Rhizoma atractylodis suppresses TNBs-induced colitis through NF-κB signaling pathway

Guanjun Wang1, Yunxin Ji2 , Ni Dai3, Yanbin Hou3

1Department of Psychosomatic Medicine Ningbo First hospital 315010, China; 2Department of Ophthalmology Ningbo Huachi hospital 315010, Ningbo First hospital?No.59 Liuting Road, Ningbo China; 3Department of Psychosomatic Medicine Ningbo First hospital 315010, China.

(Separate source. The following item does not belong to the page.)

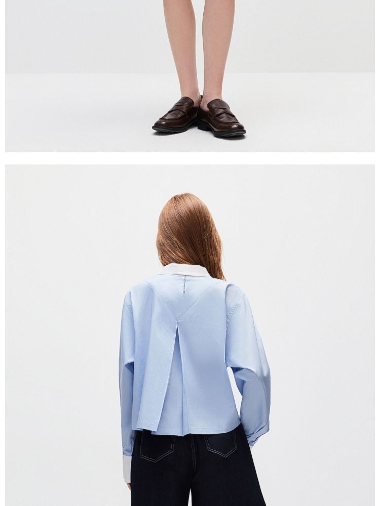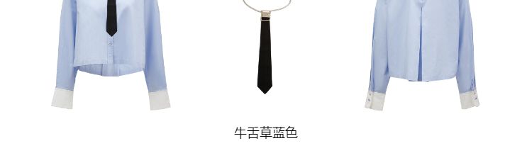 商品名称:【学院风衬衫】夏季含莱赛尔拼接纽扣翻领长袖衬衫女 084634

For correspondence:-  Yunxin Ji   Email: ncv4589@126.com   Tel:+8616579322981

Accepted: 23 August 2021        Published: 30 December 2021

Citation: Wang G, Ji Y, Dai N, Hou Y. Rhizoma atractylodis suppresses TNBs-induced colitis through NF-κB signaling pathway. Trop J Pharm Res 2021; 20(12):2503-2510 doi: 10.4314/tjpr.v20i12.7

© 2021 The authors.
This is an Open Access article that uses a funding model which does not charge readers or their institutions for access and distributed under the terms of the Creative Commons Attribution License (http://creativecommons.org/licenses/by/4.0) and the Budapest Open Access Initiative (http://www.budapestopenaccessinitiative.org/read), which permit unrestricted use, distribution, and reproduction in any medium, provided the original work is properly credited..

Abstract

Purpose: Colitis is a kind of chronic non-specific inflammatory disease with increasing morbidity worldwide. Rhizoma atractylodis is the dry rhizome of Atractylodes lancea, which is often used to treat inflammations, but its connection with colitis is yet to be understood. Thus, the study was to confirm the functions of Rhizoma atractylodis on colitis cell progression. 
Methods: Cells of human colonic epithelial cell line, NCM460 were induced by trinitrobenzene sulfonic acid (TNBs) to create inflammatory TNBs-NCM460 model groups, while untreated NCM460 cells were taken as normal control group. Varying concentrations (0, 20, 50 and 100 μmol/L) of Rhizoma atractylodis were added to pretreat the NCM460 cells before exposure to TNBs. RT-qPCR and Elisa methods detected the mRNA expression and protein concentrations of IL-6 and TNF-α and Western blot analyses were utilized to measure protein levels of NF-κB.
Results: Rhizoma atractylodis suppressed the Il-6 and TNF-α, which were induced by TNBs. Furthermore, the NF-κB pathway was inactivated in the cells with the pretreatment of hizoma atractylodis.
Conclusion: Rhizoma atractylodis inhibited inflammatory cytokines IL-6 and TNF-α through NF-κB inactivation. Therefore, rhizoma atractylodism might be a complementary medication in colitis.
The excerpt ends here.